Data Collection Documentation --> <https://autowarefoundation.github.io/autoware-documentation/main/datasets/#istanbul-open-dataset>

#### Purpose

The purpose of this test is to see the performance of the current NDT based default autoware localization system in an urban environment and evaluate its results. Our expectation is to see the deficiencies of the localization and understand which situations we need to improve.

#### Test Environment

The test data was collected in Istanbul. It also includes some scenarios that may be challenging for localization, such as tunnels and bridges. You can find the entire route marked in the image below.
![ist_dataset_route_3_resized](https://github.com/user-attachments/assets/e04c77b4-5192-4faf-839c-12429138708f)

#### Test Dataset & Map

Test and Mapping datasets are same and the dataset contains data from the portable mapping kit used for general mapping purposes.

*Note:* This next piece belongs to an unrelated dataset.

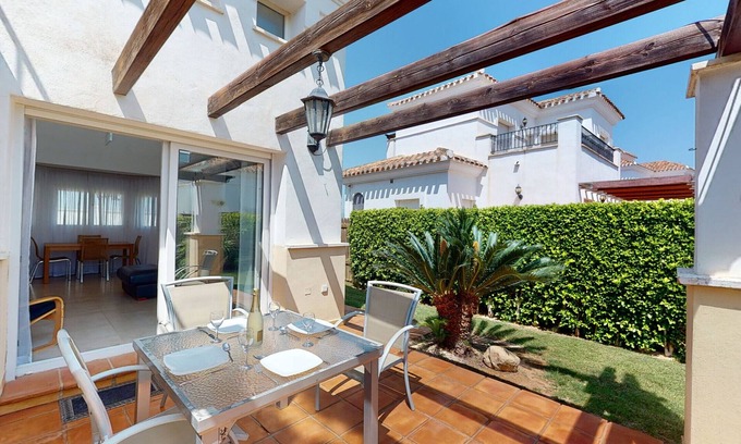 "Fantastic stay - Couldn't ask for better!" - Kathy JonesThis 2 bed, 2 bath detached villa was built in 2007 on the 5 star La Torre golf resort. In addition to a terrace and a large rooftop solarium to maximise time in the sun, the villa has a secluded rear lawn that is totally fenced or hedged in to ensure children remain secure (gates and fences were added to the front side in December 2014). Premium outside furniture including sun loungers and a table and chairs is provided."Relaxing Holiday in a beautiful Villa!" - Gunners60Inside Villa Quisqueya, all the accommodation (bar the roof top solarium, of course) is provided at ground floor level to the benefit of families and those with limited mobility. The main bedroom has a king bed (which can be de-coupled into 2 single beds) with fitted wardrobes and an en-suite shower room (shower, wc, basin/vanity, bidet and heated towel rail).The second bedroom is a twin room, again with fitted wardrobes. The large family bathroom is right next door, with a shower over the bath, shower screen, wc, bidet, storage unit and heated towel rail.(Note: Bedding is provided for all options: 4 single beds, 2 King sized beds or a combination of the two)"A lovely villa, which is as it is described in the advert and shown in the pictures." - PontefractIn the lounge you will find a double height room providing impressive space whilst high quality furnishings include a large L-shaped leather sofa, an armchair, coffee table and reading lamps. A 32' LCD 'Smart' TV with cable service provides >30 English language channels and a large selection of other language channels. A DVD player and a CD player are also provided. The oak dining table has an extending leaf and can comfortably seat 4 or 6.High speed Wi-Fi is provided in the villa free of charge.Air conditioning is fitted the lounge/dining area whilst central heating is provided for the cooler months of the year.The kitchen is fully equipped with oven, hob, fridge-freezer, dishwasher, microwave, coffee maker, toaster and a wide range of good quality crockery, cutlery, glasses, pots and pans. We stay at the villa out of season ourselves and have added the additional equipment needed to vacation very comfortably in the villa. You should find lots of extras that are often missing from self-catering accommodation. You'll also find a cool bag, a beach mat and folding chairs for your day at the beach.Next to the kitchen is the utility room containing the washing machine, iron, ironing board and clothes airers.Please note that bath towels, hand towels, tea towels and bed linen are provided. The closest of the resort's 22 pools is only 3 minutes gentle walk away and its low traffic private roads are ideal for families, cyclists or the elderly, as is the flat location and the secure gated access to the development. For shoppers, 3 major complexes are within 30 minutes of the villa by car, as are the historic city centres of both Cartagena and Murcia for those wanting to see the Spain beyond the beaches, mountains and golf courses.The villa is located in one of the sunniest and driest parts of Spain, virtually guaranteeing warmth and sunshine almost all year round. With Mar Menor and the Mediterranean less than 20 minutes drive away, the villa has the best of both worlds - a peaceful and quiet location combined with access to all the Costa Calida and the 3000 hours of sunshine it provides each year.A local English-speaking property manager is also available at the end of the phone to help you have a worry-free stay.Our guests staying at La Torre also have the added benefit of our fully staffed office at the resort, where you can get assistance, advice and recommendations, as well as help with any aspect of your travel or accommodations. Our staff speak Spanish, English, French and Arabic.

The data contains data from the following sensors:

- 1 x Applanix POS LVX GNSS/INS System
- 1 x Hesai Pandar XT32 LiDAR

You can find the data collected for testing and mapping in this [Documentation](https://autowarefoundation.github.io/autoware-documentation/main/datasets/#istanbul-open-dataset).

> <span style="color:green">**NOTE !**</span> </br>
> Since there was no velocity source coming from the vehicle during all these tests, the twist message coming from GNSS/INS was given to ekf_localizer as the linear&angular velocity source. </br>
> In order to understand whether this increases the error in cases where the GNSS/INS error increases in the tunnel and how it affects the system, localization in the tunnel was tested by giving only the pose from the NDT, without giving this velocity to ekf_localizer. </br>
> The video of this test is [here](https://www.youtube.com/watch?v=ajgedIwwuaM). </br>
> As seen in the video, when velocity is not given, localization in the tunnel deteriorates more quickly.
> It is also predicted that if the IMU Twist message combined (/localization/twist_estimator/twist_with_covariance) with the linear velocity from the vehicle is given instead of the GNSS/INS Twist message, the performance in the tunnel will increase. However, this test cannot be done with the current data.
#### Expected Tests

1.) Firstly, it is aimed to detect the points where the localization is completely broken and to roughly control the localization.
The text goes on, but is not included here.